### Description of the task
Only the lines from the top of the listing below through the line containing "وشدد ذات المصدر" should be output, exactly and with no pictures.

### Stored data
++++++++

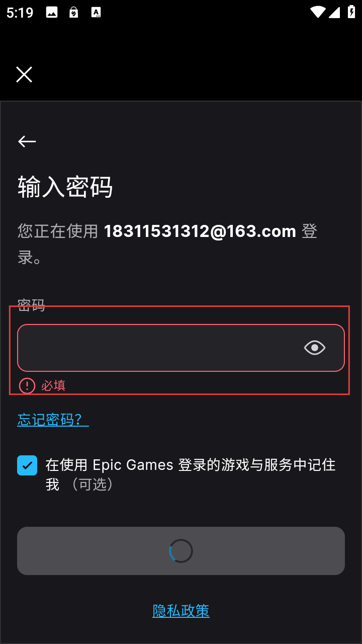 3、在输入密码界面,输入对应邮箱的密码,可勾选【在使用Epic-Games登录的游戏与服务中记住我】。
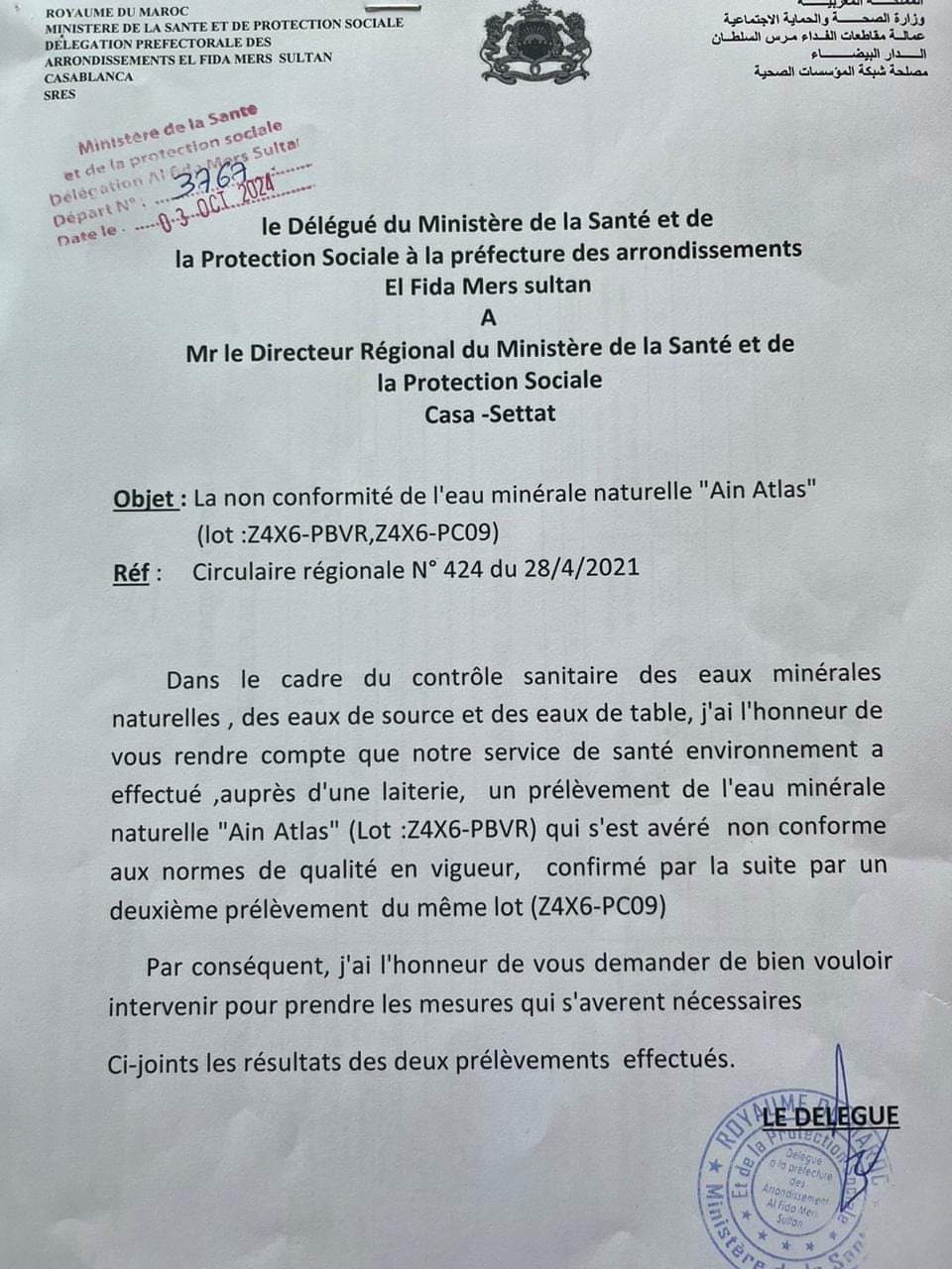 وشدد ذات المصدر على أن المعلومات التي تحتوي عليها الوثيقة المتداولة على مواقع التواصل الاجتماعي بخصوص عدم مطابقة المياه المعدنية الطبيعية لشركة “عين أطلس” للمعايير المعمول بها، ليست صحيحة ولا أساس لها من الصحة.
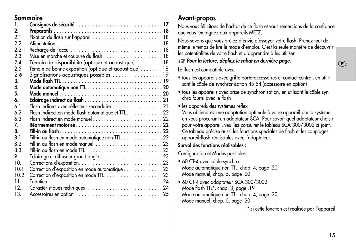 - 60 CT-4 avec adaptateur SCA 300/3002 Mode flash TTL*, chap. 3, page .19 Mode automatique non TTL, chap. 4, page .20 Mode manuel, chap. 5, page .20
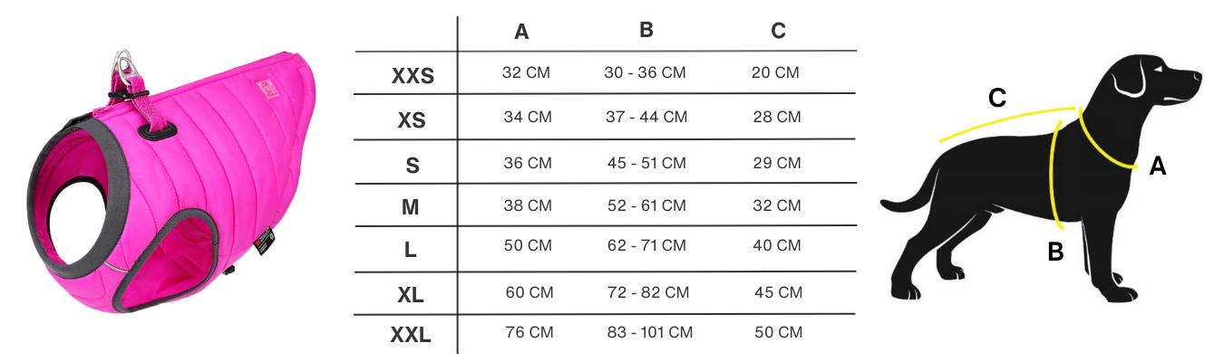 Aby dobrać odpowiedni rozmiar należy zmierzyć psa od łopatki do nasady ogona (C), sprawdzić obwód szyi poniżej obroży (A) oraz klatki w najszerszym miejscu za przednimi łapami (B). Jeśli Twój pies znajduje się na granicy rozmiarów, zalecamy wybór większej kurtki. Jeśli nie jesteś pewny rozmiaru podaj nam dokładne wymiary i wagę psiaka - podpowiemy jaki rozmiar będzie najlepszy.

++++++++

### Response
 3、在输入密码界面,输入对应邮箱的密码,可勾选【在使用Epic-Games登录的游戏与服务中记住我】。
 وشدد ذات المصدر على أن المعلومات التي تحتوي عليها الوثيقة المتداولة على مواقع التواصل الاجتماعي بخصوص عدم مطابقة المياه المعدنية الطبيعية لشركة “عين أطلس” للمعايير المعمول بها، ليست صحيحة ولا أساس لها من الصحة.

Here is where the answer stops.